Машка спускается ниже, садится на унитаз. Облизывается, готовая отсосать.
Я почти ничего не вижу, хватаюсь рукой за перегородку кабинки, достаю член… Меня бьют сумочкой. У Машки подделка, но бляшка Дольчи Кабана, как кастет у Костяна, тяжёлая и оставляет на моём лице вмятину.
Куда-то иду, гремит кастет на моём пальце об стену.
Холодно жесть! Члену холодно.
— Спрячь, мудило! — орёт откуда-то Мирон.
Это я со спущенными штанами на улицу вышел. Он кулаком запихивает мой несчастный член в штаны и закрывает ширинку вместе с лобковыми волосами. Я ору во всю пасть, умоляю пощадить, ссылаюсь, что Гелику ещё пригодится.
Меня пытается успокоить чей-то ботинок. Воинственно сжимаю кастет и бью ближайшую морду.
— Это носороги!
— Я тебе сейчас глаза местами поменяю! — Кричу зверем и кидаюсь в драку….
Где все?
Иду, пошатываясь, по парку в сторону дома. Мирон твёрже стоит на ногах, глотает пиво. Ржут наши пацаны, и я тоже ржу, не понимаю что смешного, так, за компанию.
Всё вокруг вертится. Аптека. Улица. Фонарь. Знакомая дверь. Унитаз. Холодный душ.
Полотенце на бёдра… Лоб — стиральная машина.

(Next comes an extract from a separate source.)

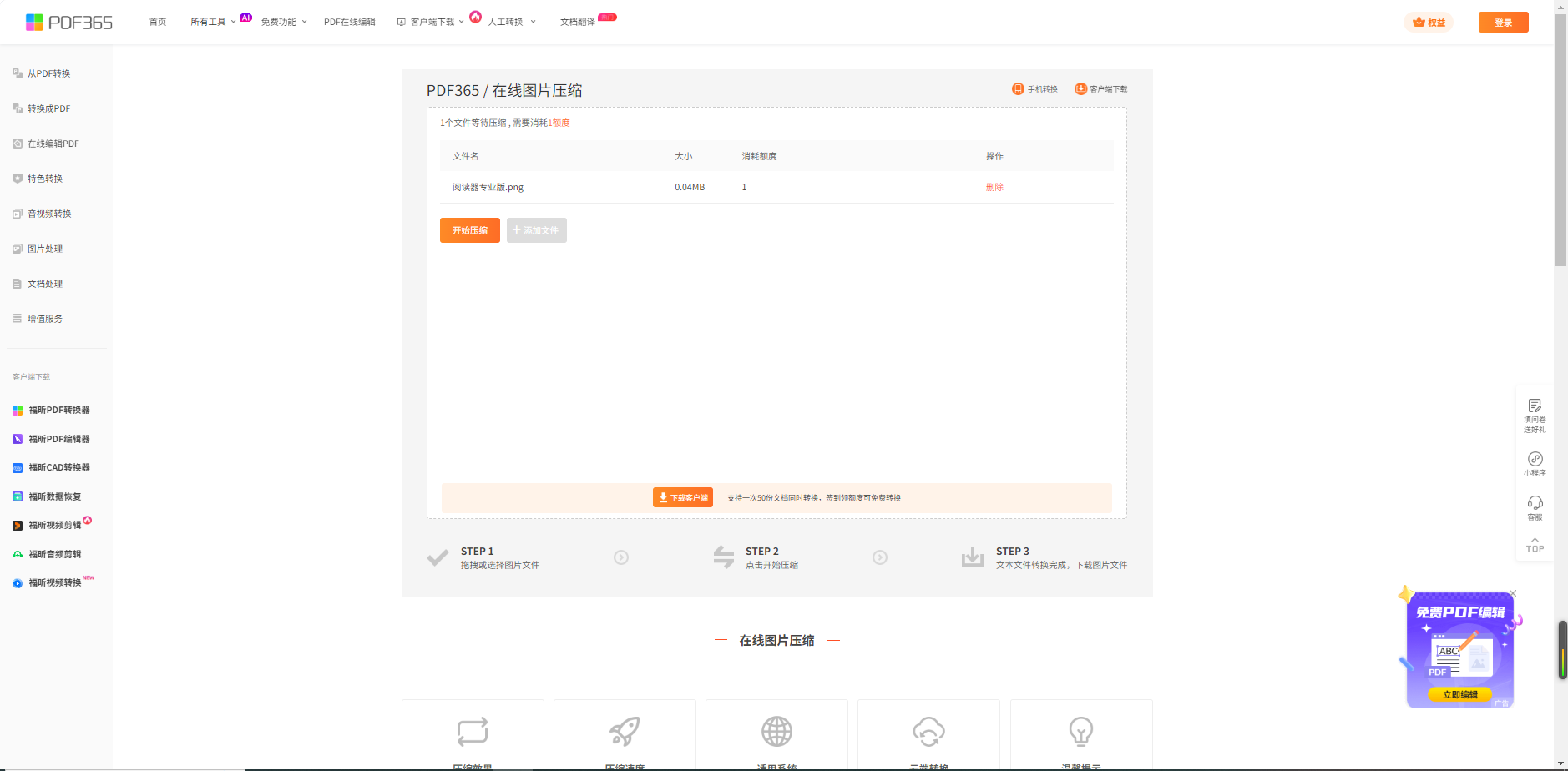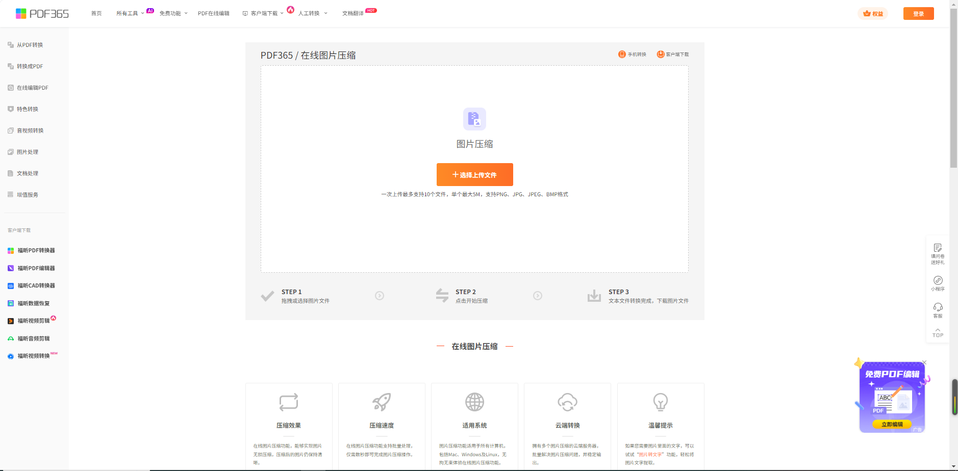 第一步:打开福昕PDF365官网,找到“图片压缩”功能点进去;

Выхожу в коридор. Мирон падает перед моей матерью на колени. Я подхожу к родной матушке на четвереньках, теряя полотенце по дороги. Она бьёт нас мокрой тряпкой, но мы с Мироном ухватив её лодыжки целуем её тапки.
— Родная, — перекрикиваю я её ругань, — Мамочка, прости!

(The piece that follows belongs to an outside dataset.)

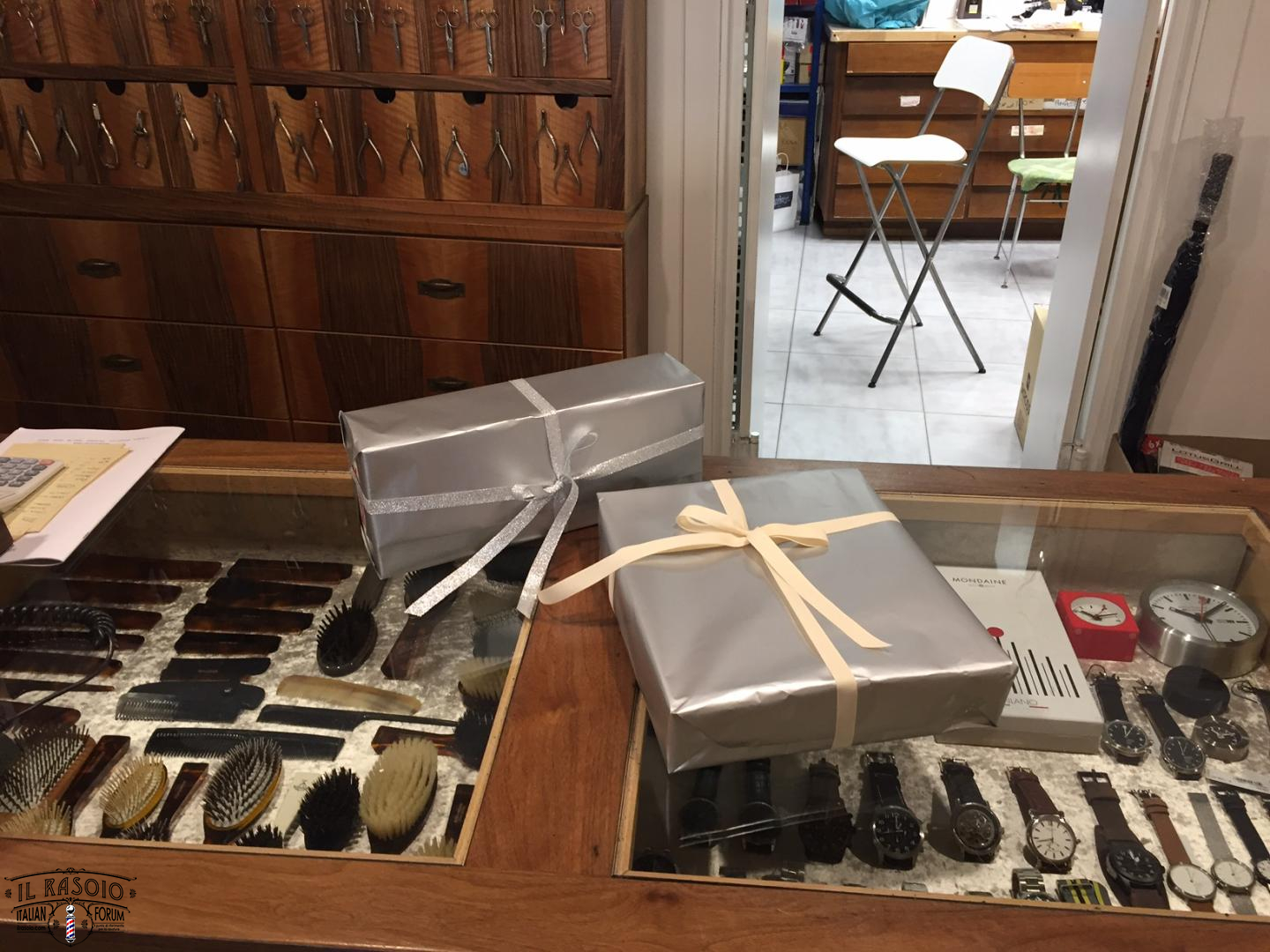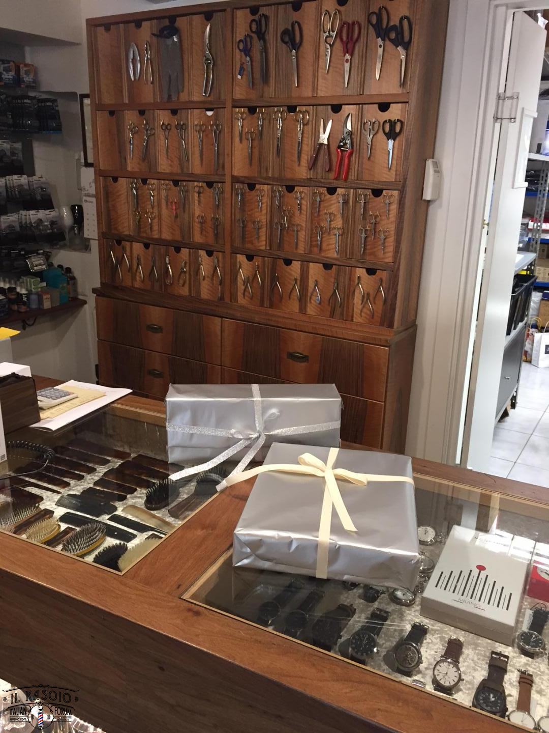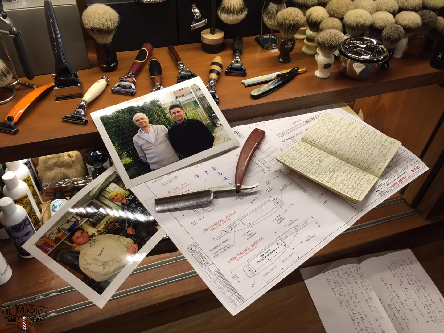 Questa persona ha desiderato anche una nostra foto autografata da me Franco (Franz Kleber) insieme al rasoio. Siamo stati molto felici di esaudire le richieste del cliente e di Andrea Rivola che è stato cosi gentile da scattare delle foto nel suo nuovo locale riguardanti il materiale da noi portato in dono.

— Простите нас! — вторит Мирон.
Постель… Ноги Мирона у моей щеки.
Палец распух в кастете, боль невыносимая.
— Вот, что значит, ноги женщине ночью поцеловать, — работает напильником Мирон, освобождая мой багрово-синий палец.
За окном раннее утро. Солнечно. Лучи скользят по подоконнику и освещают стол. На нём три закуски, пирожки и чай крепкий, две маленькие стопки любимой маминой настойки из брусники. Это нам, чтобы опохмелиться.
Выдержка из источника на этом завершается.